── EXTRACTED ENTRIES

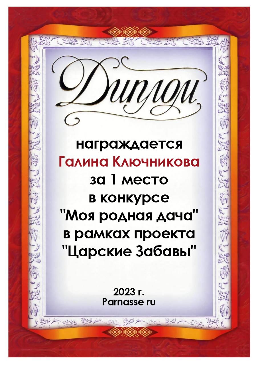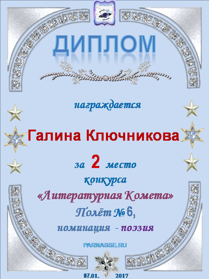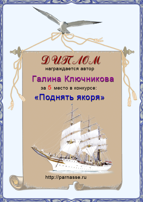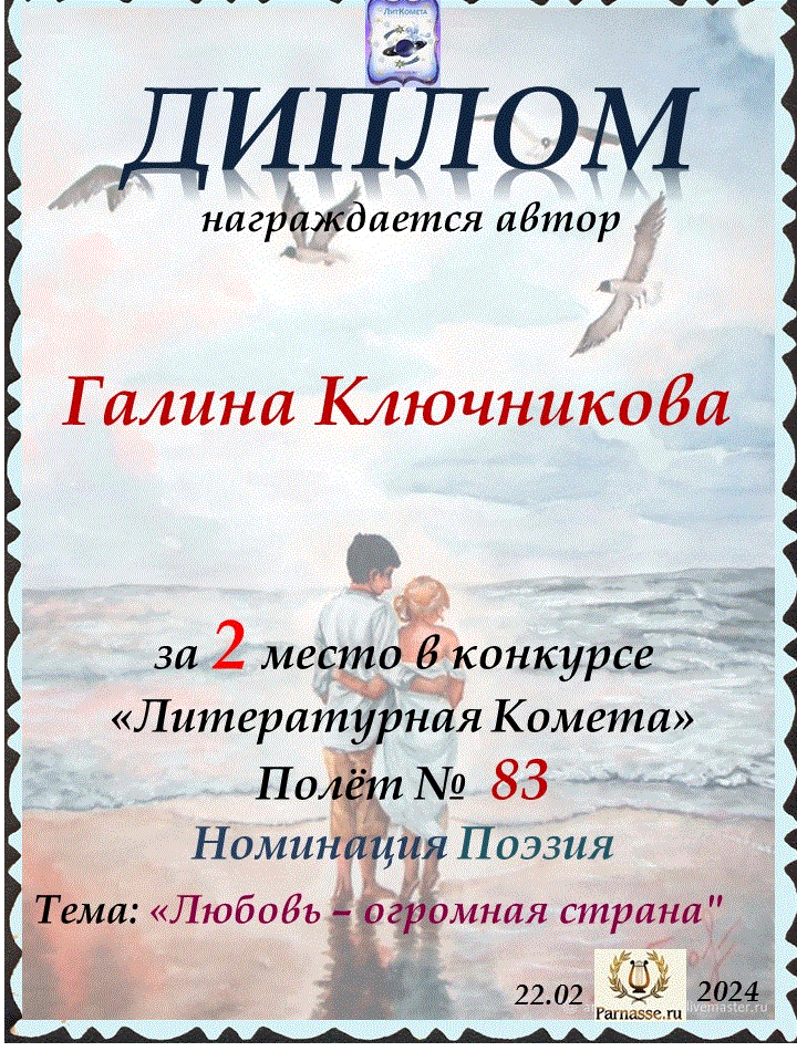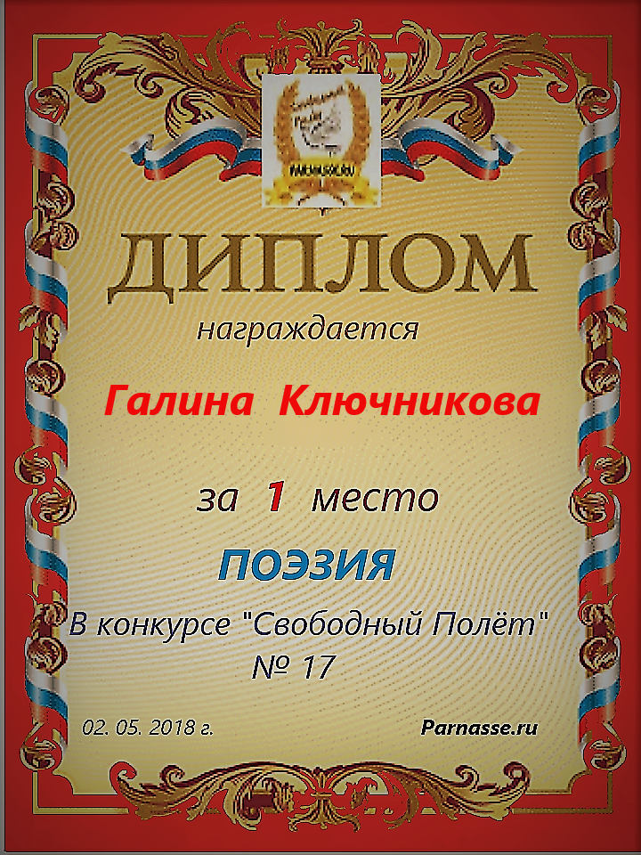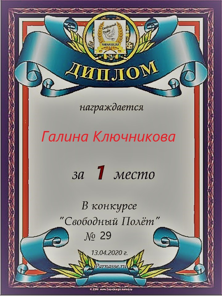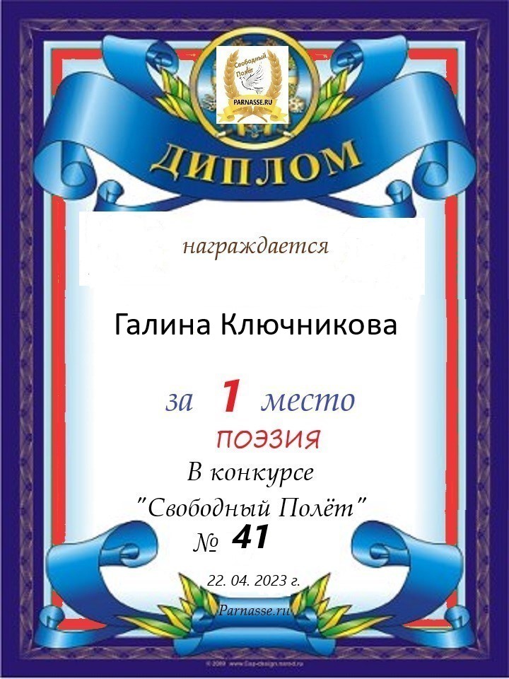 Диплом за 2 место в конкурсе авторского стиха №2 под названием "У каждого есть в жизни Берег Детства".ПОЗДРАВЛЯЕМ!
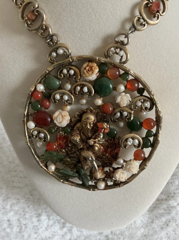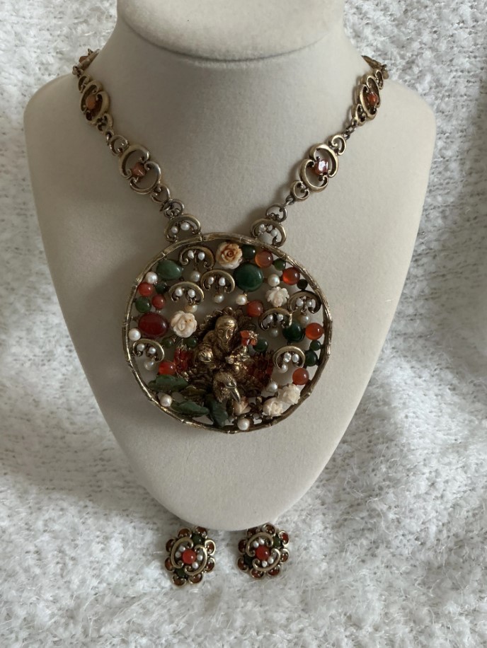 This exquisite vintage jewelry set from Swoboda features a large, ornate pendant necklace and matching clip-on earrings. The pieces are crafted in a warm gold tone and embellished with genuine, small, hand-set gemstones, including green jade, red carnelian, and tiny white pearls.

────
── EXTRACTED ENTRIES

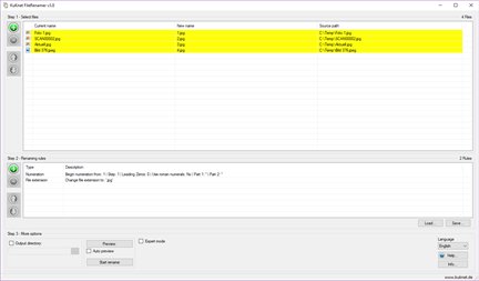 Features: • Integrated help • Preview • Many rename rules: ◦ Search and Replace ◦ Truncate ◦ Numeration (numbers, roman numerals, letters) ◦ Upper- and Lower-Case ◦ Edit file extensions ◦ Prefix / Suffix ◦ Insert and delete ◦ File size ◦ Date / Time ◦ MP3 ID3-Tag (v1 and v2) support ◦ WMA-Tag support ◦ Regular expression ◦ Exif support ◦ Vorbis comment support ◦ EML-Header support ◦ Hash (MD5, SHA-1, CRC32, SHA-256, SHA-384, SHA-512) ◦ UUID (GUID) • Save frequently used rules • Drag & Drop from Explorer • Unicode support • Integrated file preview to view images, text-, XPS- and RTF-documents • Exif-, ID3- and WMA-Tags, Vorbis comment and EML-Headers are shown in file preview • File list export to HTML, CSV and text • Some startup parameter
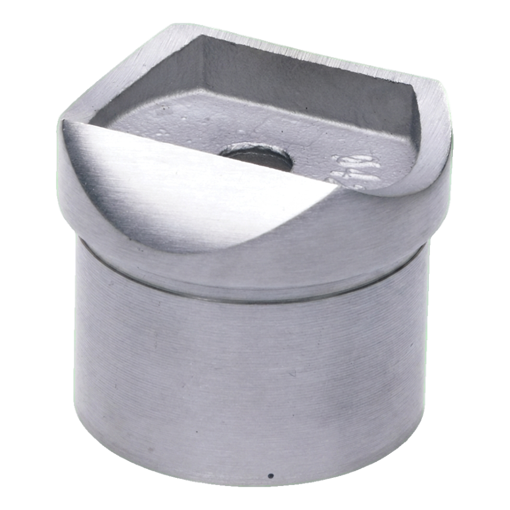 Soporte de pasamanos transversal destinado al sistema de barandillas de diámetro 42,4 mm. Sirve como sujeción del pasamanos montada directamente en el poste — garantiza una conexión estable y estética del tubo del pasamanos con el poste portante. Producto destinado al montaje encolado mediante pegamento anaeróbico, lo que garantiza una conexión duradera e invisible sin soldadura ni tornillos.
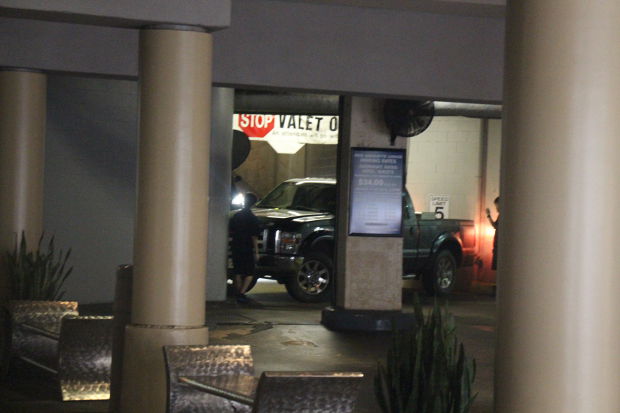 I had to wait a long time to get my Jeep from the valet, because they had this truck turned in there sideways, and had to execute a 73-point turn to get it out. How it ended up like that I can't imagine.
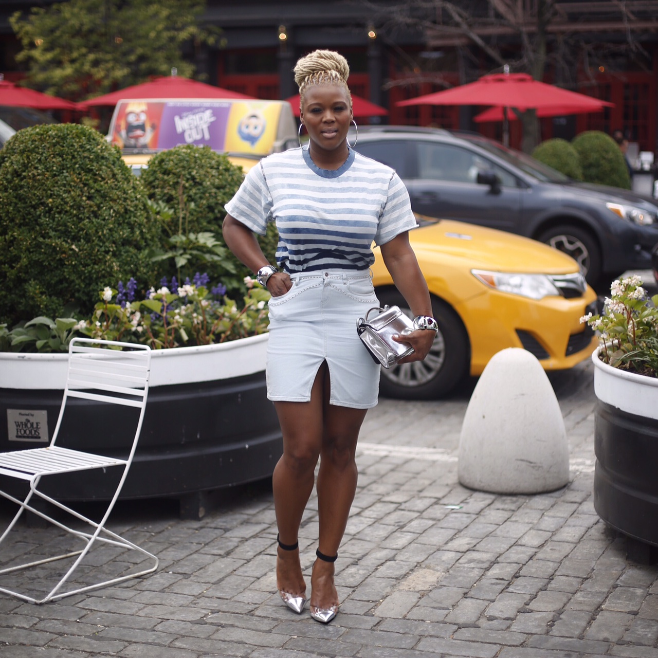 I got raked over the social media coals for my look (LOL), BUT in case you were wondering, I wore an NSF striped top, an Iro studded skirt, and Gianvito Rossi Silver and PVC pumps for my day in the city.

────

**EXERCISE REQUIREMENTS**
Repeat exactly the stretch of the listing above that starts with the line holding "Soporte de pasamanos" and finishes with the line holding "I had to wait", both included. Skip every picture.

**COMPLETED EXERCISE**
 Soporte de pasamanos transversal destinado al sistema de barandillas de diámetro 42,4 mm. Sirve como sujeción del pasamanos montada directamente en el poste — garantiza una conexión estable y estética del tubo del pasamanos con el poste portante. Producto destinado al montaje encolado mediante pegamento anaeróbico, lo que garantiza una conexión duradera e invisible sin soldadura ni tornillos.
 I had to wait a long time to get my Jeep from the valet, because they had this truck turned in there sideways, and had to execute a 73-point turn to get it out. How it ended up like that I can't imagine.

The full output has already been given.